González also believes that Europe should pay more attention to the digitization processes that are transforming the world and take a more leading role in their development and implementation. "Whether we like it or not, we live in an increasingly digital society on whose environments, dynamics, devices and services we depend more every day. We are playing a lot," he emphasized.
According to a study by the Ministry of Finance, 23% of our country's GDP is already generated by the digital economy. And the goal is for this percentage to increase to 40% by 2030. On the other hand, according to the Digital Economy and Society Index (DESI), published by the European Commission, Spain has gone from 10th place in the ranking in 2021 to 7th in 2022, and is at levels very similar to the most advanced in Europe. , the Nordic countries and Germany.
On his side, the CES adviser considers that the risks generated by Artificial Intelligence should be evaluated and mitigated -- substitution of labor, impairment of security, ethical aspects, biases generated by algorithms, misinformation and manipulation of opinion. public--, but he has indicated that it is something "that has come to stay and its progression will be dizzying".
Both Spain, with the National AI Strategy, and Europe, which revised its Coordinated Plan on AI in 2021, are already acting.

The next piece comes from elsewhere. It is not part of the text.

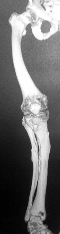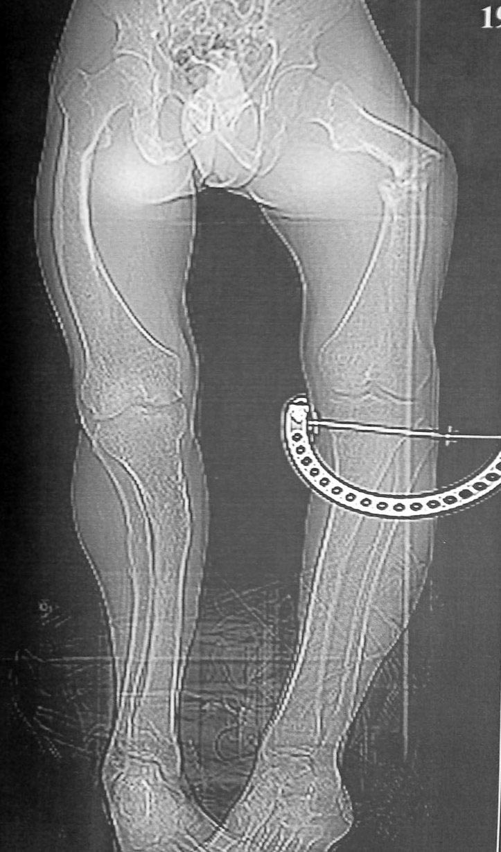 А действительно это Блаунт? Может быть ахондроплазик или дисхондроплазик. 2 недели назад оперировал, поставил обычную компрессионную пластину АО и никакой резекции. И у моего пациента выглядел как псевдартроз. Еще раз порасспрашивайте б-го, может удлиняли бедро? Не забыть бы в понедельник рентгены сфоткать и отправить Вам

Specifically, the European Commission seeks to maximize resources and coordinate investments in AI through the Horizon Europe and Digital Europe programs, investing 1,000 million euros a year in AI. Additionally, it estimates that investments from the private sector and from the Member States will be mobilized until reaching an annual investment volume of 20,000 million euros until the year 2030.
For his part, Alberto González has also urged attention to climate change, a reality that is already deeply affecting and for which very little time is available to prevent its consequences from becoming irreversible.
"In other words, climate change should be at the center of the European agenda and the decarbonisation of the energy sector become a priority objective", he stressed.
Of course, the CES counselor has indicated that when setting the objectives one must be very careful, because there are deep asymmetries in the field of emissions and that can generate imbalances of different kinds.
For example, González has explained that already developed countries that are now focused on reducing emissions and those that have industrialized more recently demand greater emission capacities that do not hinder their trajectory or competitiveness (USA-EU/China-Asia conflict). .
On the other hand, González has indicated that climate change has unsuspected side effects with a multiplying effect of threats related, for example, to migratory flows or human conflicts.
"The truth is that, in a growing global demographic framework, energy consumption is skyrocketing. And, according to all prospective studies, if the current generation paradigms are not changed quickly, the situation can become very complicated," he said. warned.